Summary and Exam-Focused Comparison
Portal Recap
Azure portal: browser-based GUI for visual management, dashboards, and exploring RBAC, Azure Policy, and locks on resources.
CLI and PowerShell Recap
Azure CLI: `az` commands, cross-platform scripting. Azure PowerShell: Az modules, object-based cmdlets for PowerShell automation.
Cloud Shell Recap
Azure Cloud Shell: browser-based, pre-authenticated environment with Azure CLI and Azure PowerShell pre-installed, no local setup needed.
Next in Your Skarp Path
Your next mock exam will blend these tools into governance scenarios.
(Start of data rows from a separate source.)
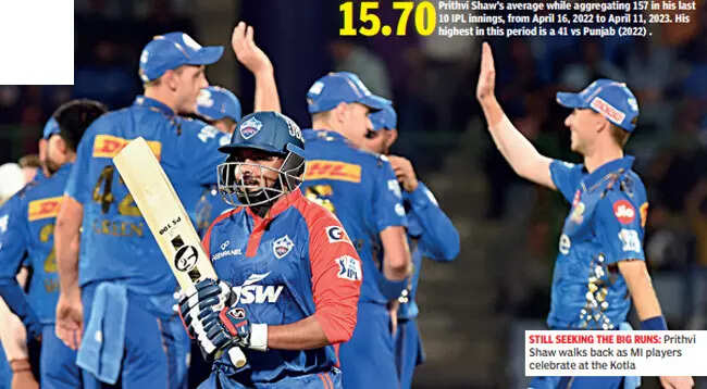 NEW DELHI: When Rohit Sharma disdainfully pulls a delivery of sheer pace from Anrich Nortje deep into the mid-wicket stands you know that he is batting at peak of his prowess. For most part of the reply to Delhi Capitals’s 172 at the Ferozeshah Kotla on Tuesday night, it seemed Rohit’s intimidating 45-ball 65 had set up a rather comfortable chase till Nortje turned up for the last over of the match defending just five against power-hitters Cameron Green and Tim David. After facing six near-perfect yorkers hurled at them, David and Green’s long limbs helped them scamper back for two runs off the final ball with six wickets to spare.
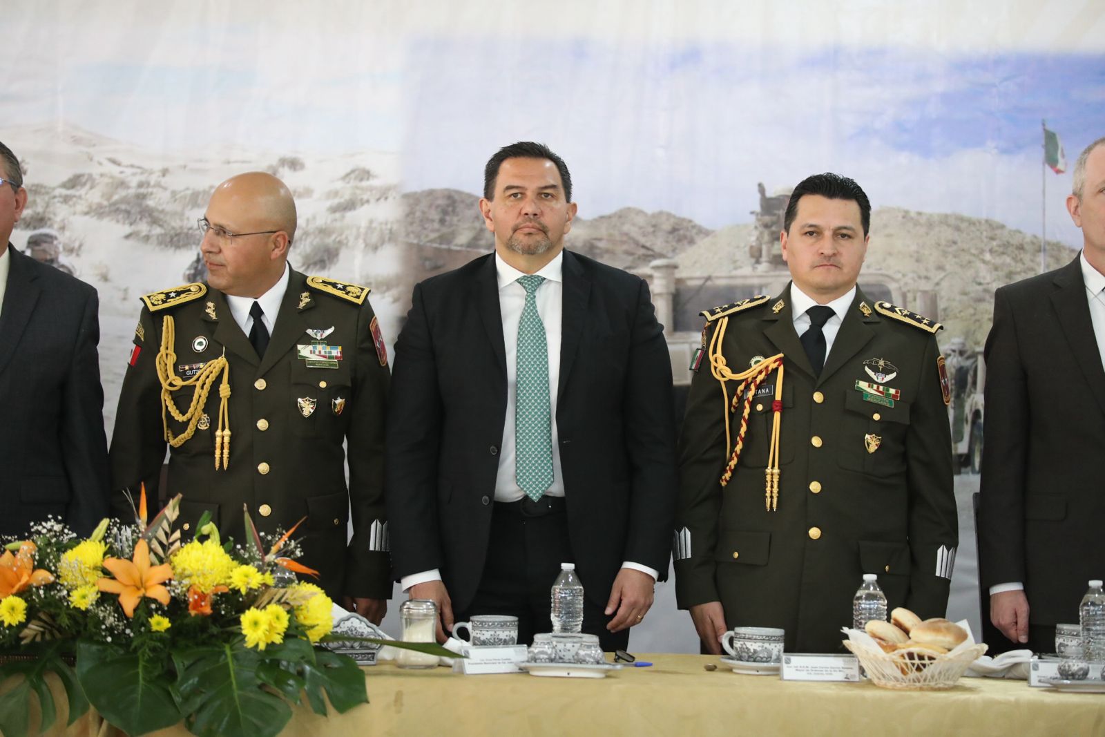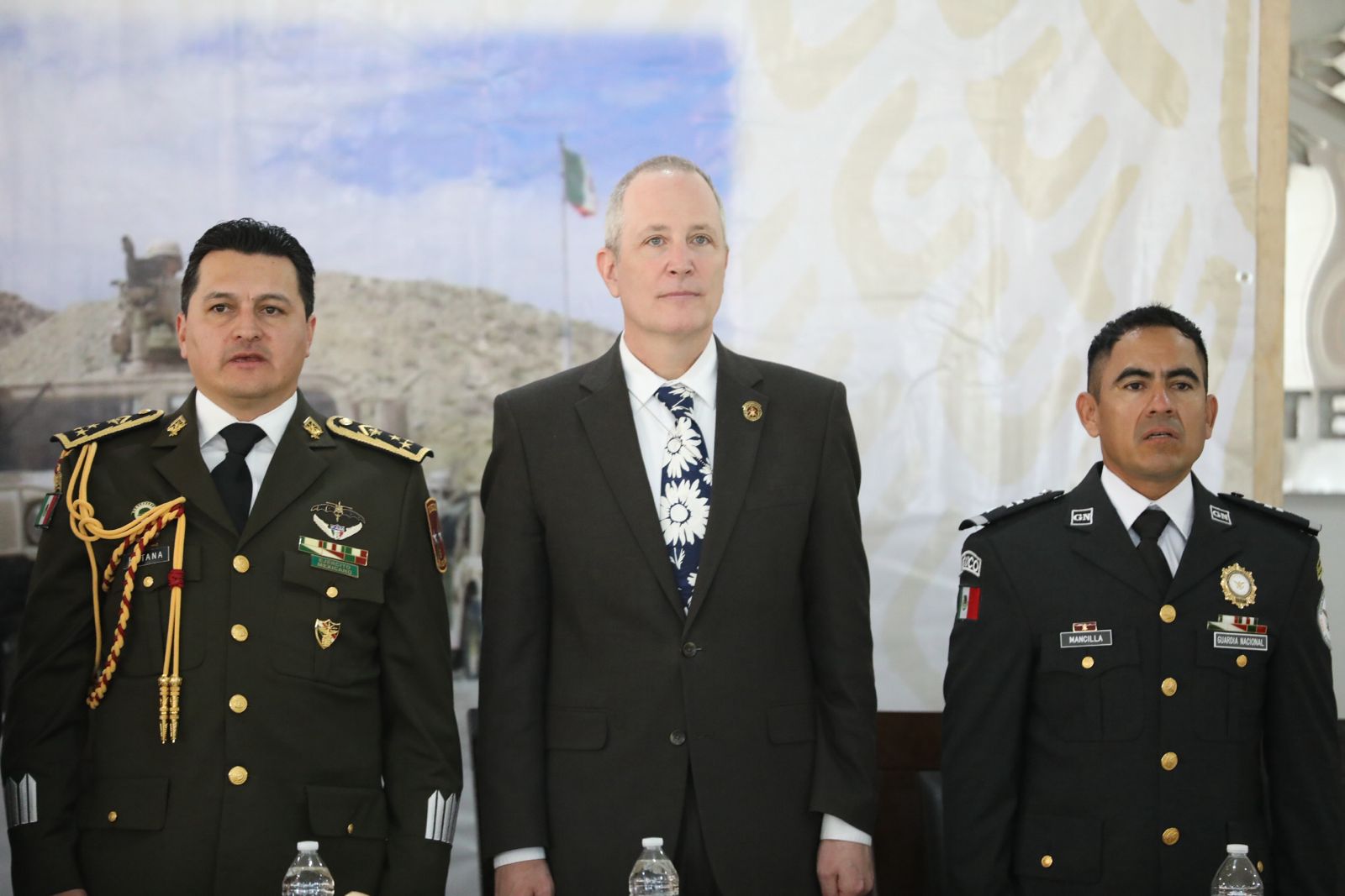 Además el comisionado Hugo Armando Parada, de Seguridad Pública del Estado; Manuel Alfonso Marín, de Instituto Nacional de Migración; César Omar Muñoz, secretario de Seguridad Pública Municipal; Ricardo Hernández Lecarda, cónsul adscrito del Consulado General de México en El Paso, Texas y César Tapia Martínez, coordinador de Seguridad Vial.
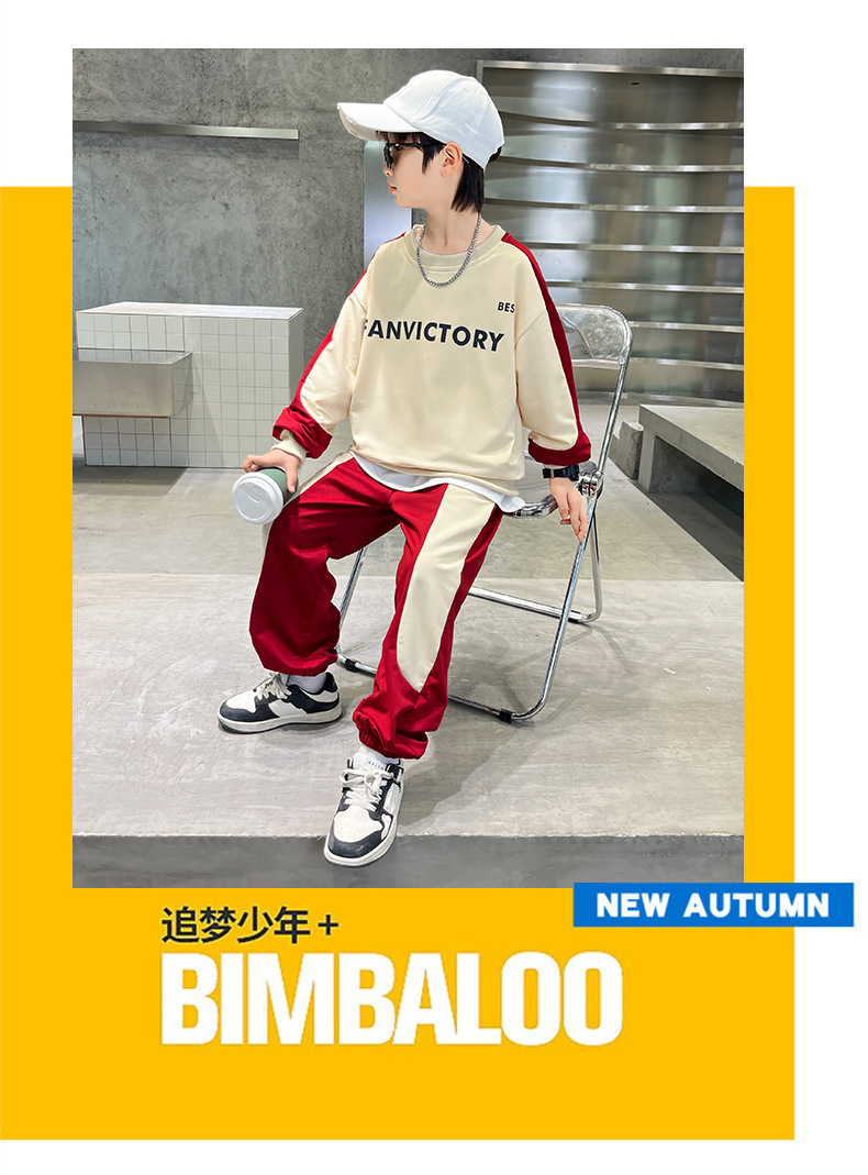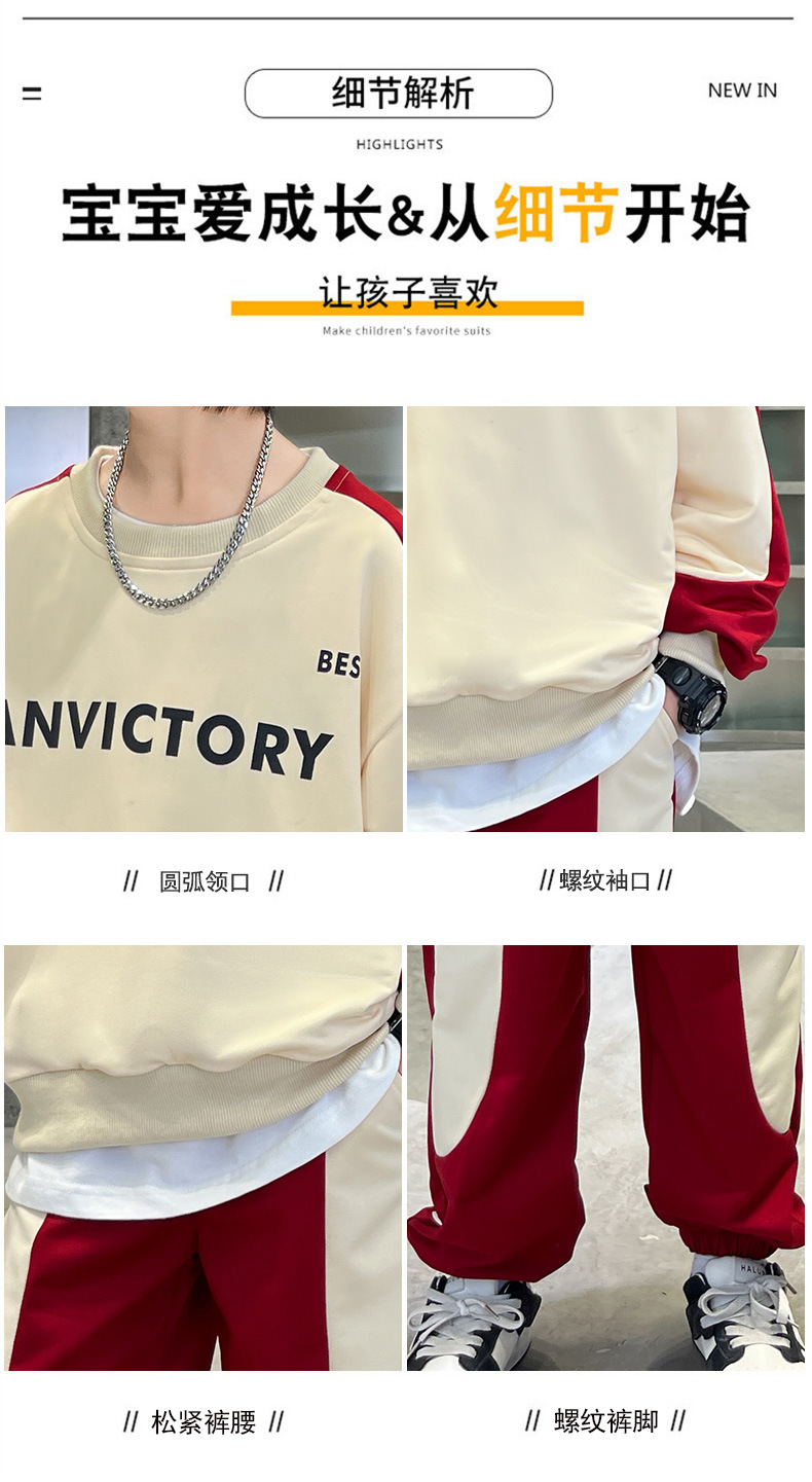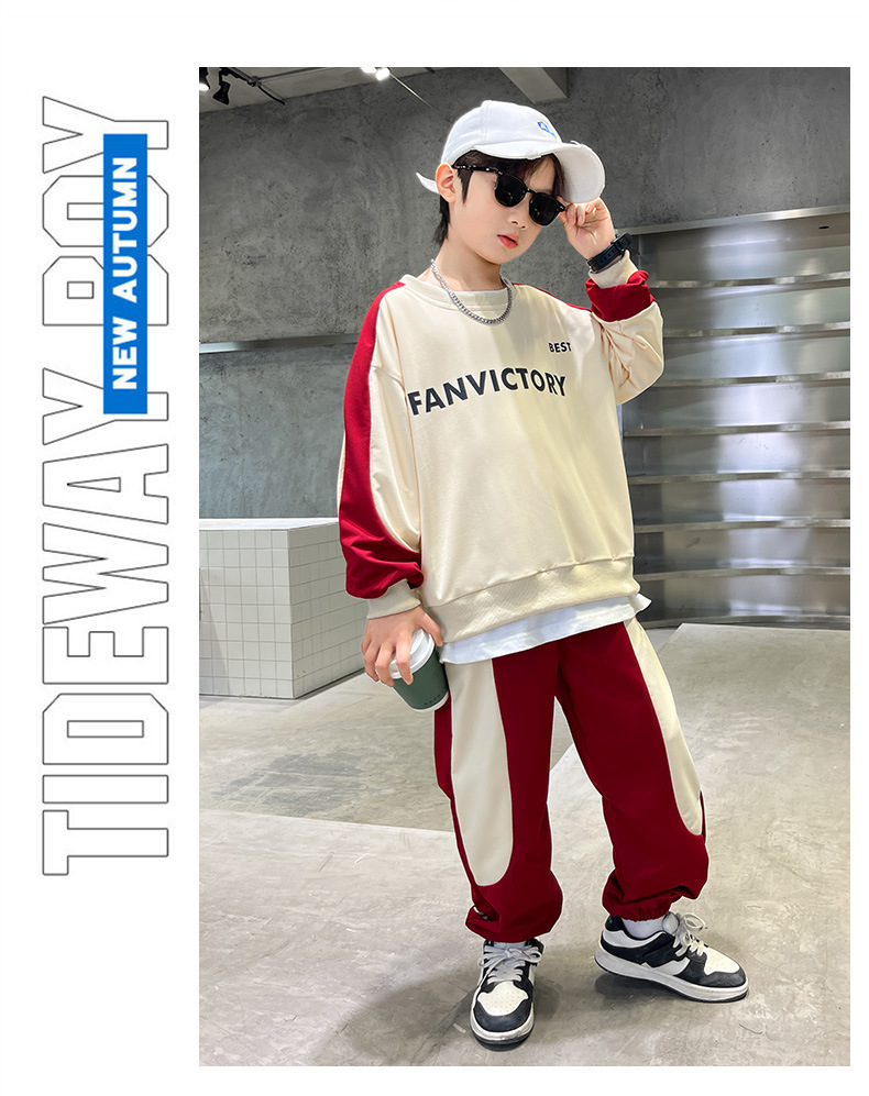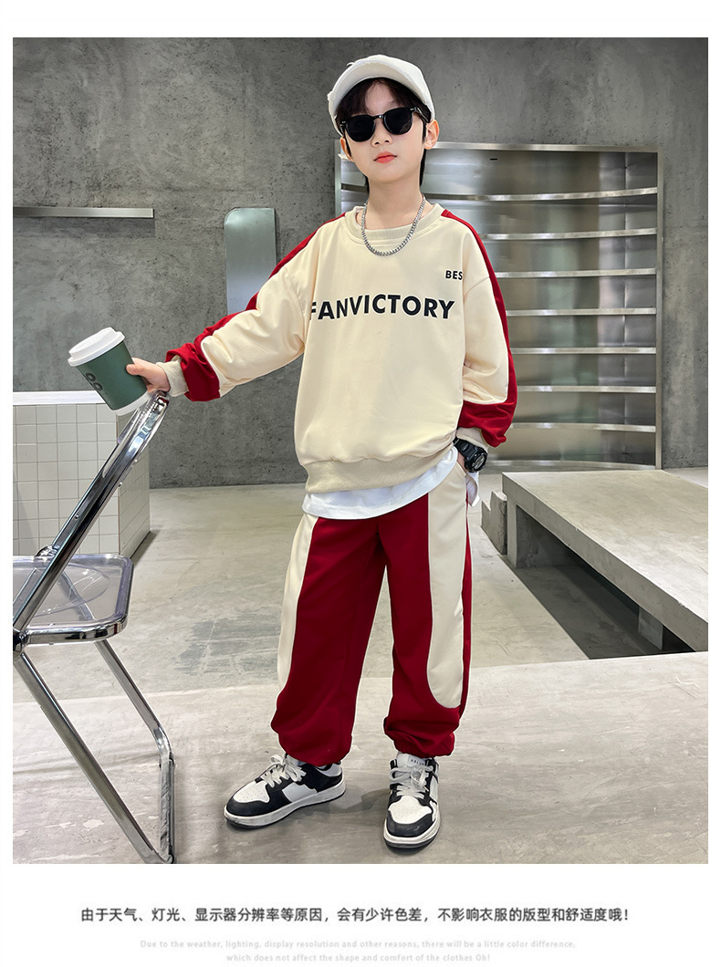 男童装套装纯棉拼色潮款2023春秋新款中大童男孩卫衣卫裤两件套
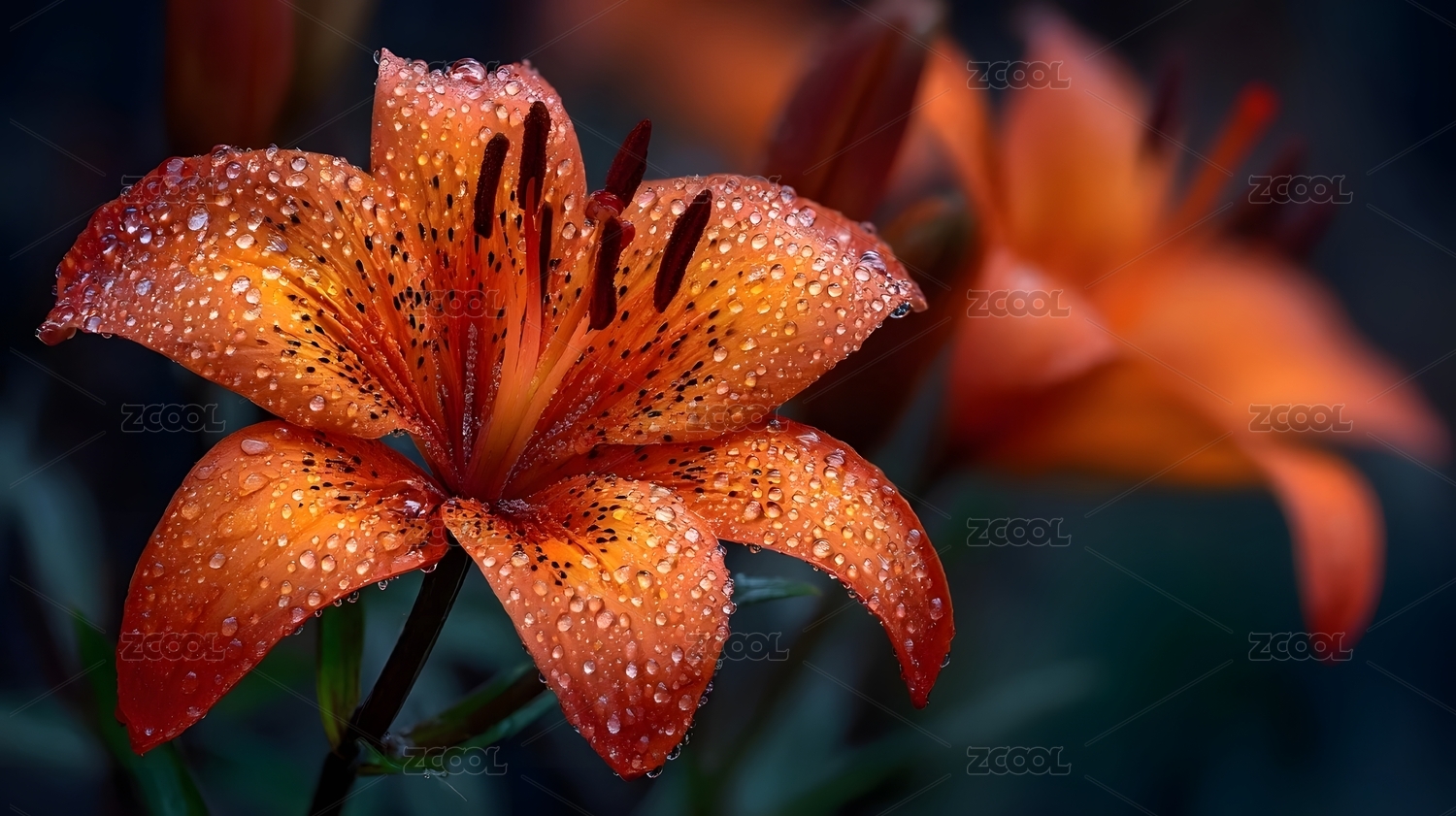 橙色百合花上的水滴
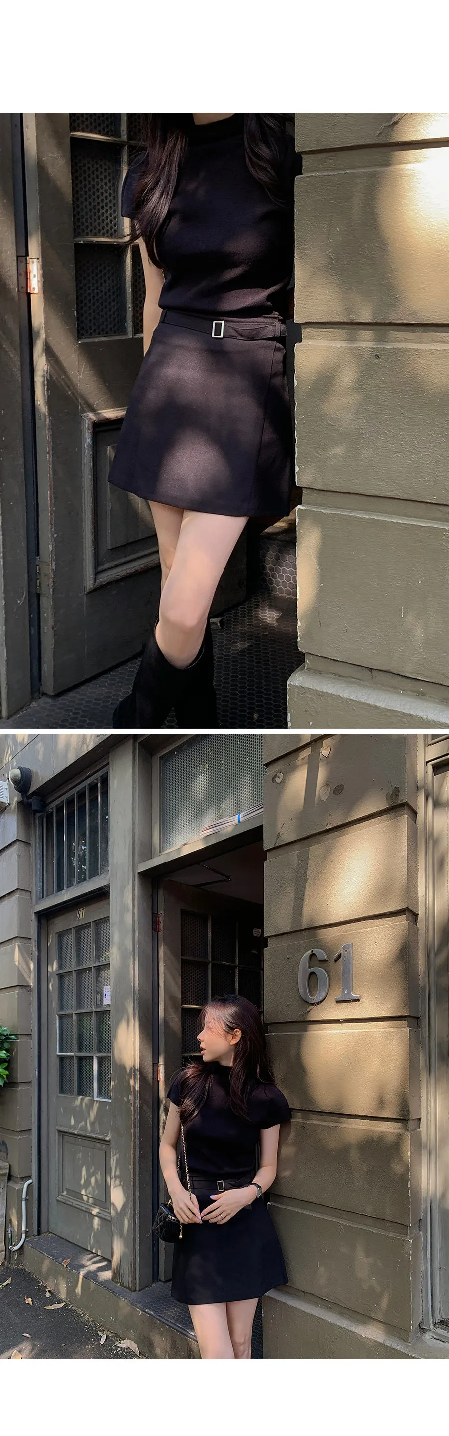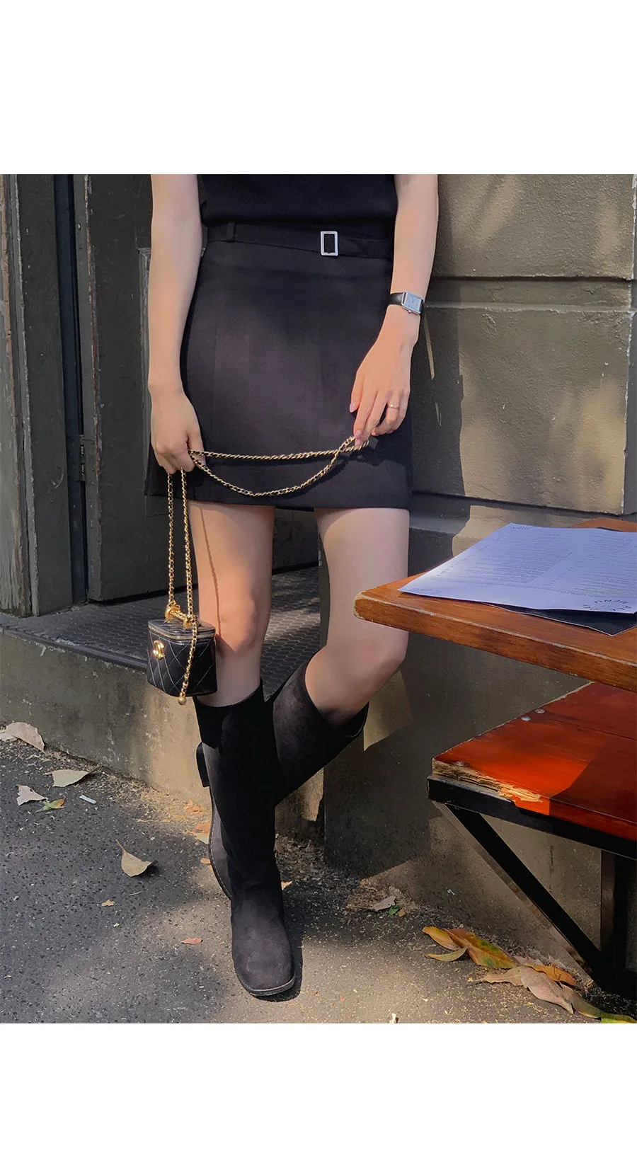 風格半A字版型方釦腰帶設計短裙

Spaced review and the gap guide will reinforce whichever tools you mix up.
Key Terms
- Azure CLI
- A cross-platform command-line tool for managing Azure resources using `az` commands, commonly used in scripts and DevOps pipelines.
- Azure Policy
- Azure Policy is a service in Azure that you use to create, assign, and manage policies that enforce rules and effects over your resources, so those resources stay compliant with your corporate standards and service level agreements.
- Azure portal
- A web-based graphical interface for managing Azure resources, providing dashboards, blades, and visual access to services, RBAC, Azure Policy, and monitoring.
- Azure PowerShell
- A set of PowerShell Az modules that provide cmdlets to manage Azure resources through the PowerShell scripting language.
- Azure Cloud Shell
- A browser-based shell environment hosted in Azure that provides authenticated access to Azure CLI and Azure PowerShell with tools pre-installed.
- Microsoft Entra ID
- Microsoft Entra ID is Microsoft’s cloud-based identity and access management service that helps employees sign in and access resources such as Microsoft 365, the Azure portal, and thousands of other SaaS applications.
- role-based access control
- Role-based access control (RBAC) is an authorization system built on Azure Resource Manager that provides fine-grained access management of Azure resources based on roles assigned to users, groups, and service principals.